▶ _Records from a dataset_
>>>>

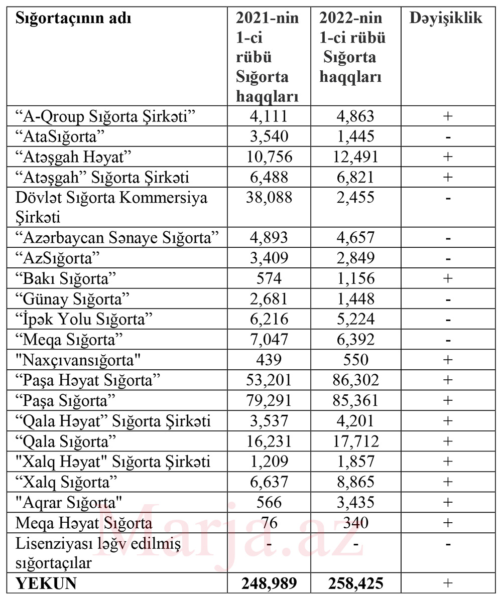 7 sığorta şirkətində geriləmə - SİYAHI
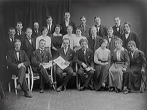 Ateljéfoto av Sveriges godtemplarungdom. Både kvinnor och män.
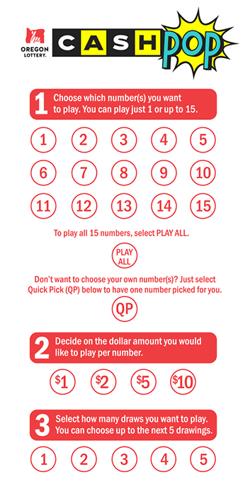 Every hour one winning Cash Pop number from 1 to 15 is drawn. If that number matches a number you picked then you win! Prizes start at five times your chosen purchase price. See below for all the details.
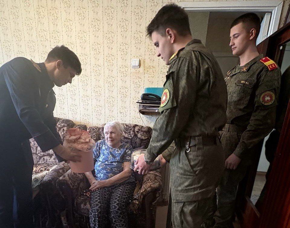 Следователи следственного управления совместно с подшефными кадетами поздравили ветерана Великой Отечественной войны с Международным днем пожилых людей
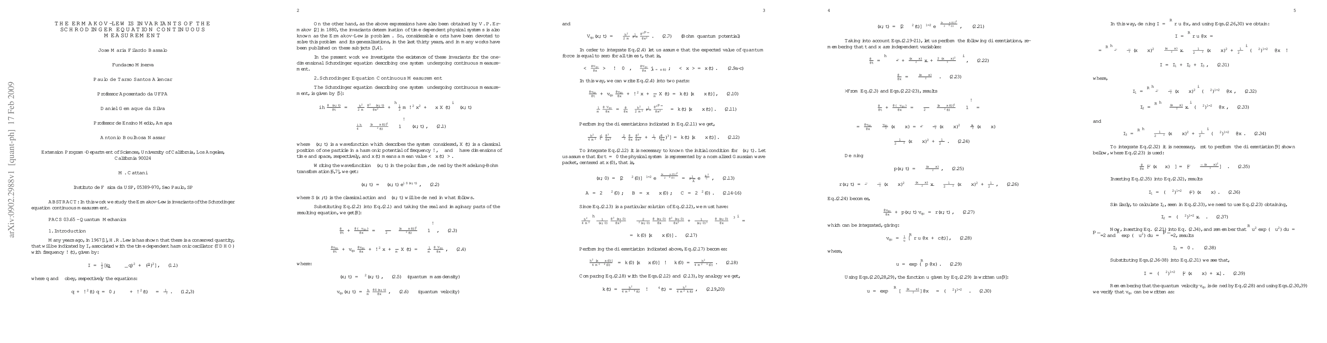 In this work we study the Ermakov-Lewis invariants of the Schrodinger equation continuous measurement.
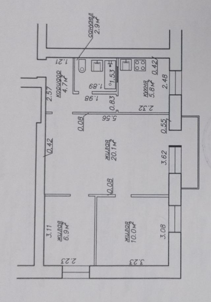 Общая площадь квартиры составляет 50,4 м?, жилая 37 м?, кухня 5.8м?.
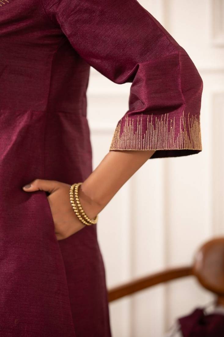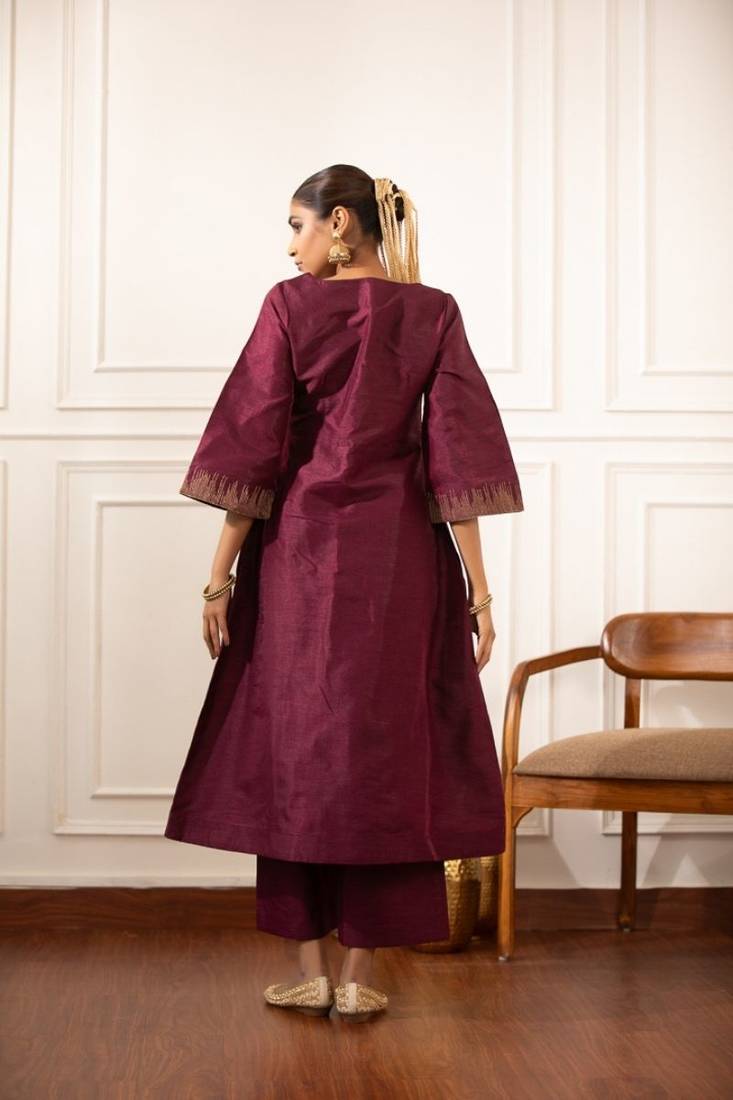 | Product Name | Purple Zari Embroidered Raw Silk Front Open Kurta Plazzo Set | |

<<<<

▶ _Problem to solve_
Please transcribe exactly the lines from the start of the records through the line containing "Every hour one", leaving the pictures out.

▶ _Your solution_
 7 sığorta şirkətində geriləmə - SİYAHI
 Ateljéfoto av Sveriges godtemplarungdom. Både kvinnor och män.
 Every hour one winning Cash Pop number from 1 to 15 is drawn. If that number matches a number you picked then you win! Prizes start at five times your chosen purchase price. See below for all the details.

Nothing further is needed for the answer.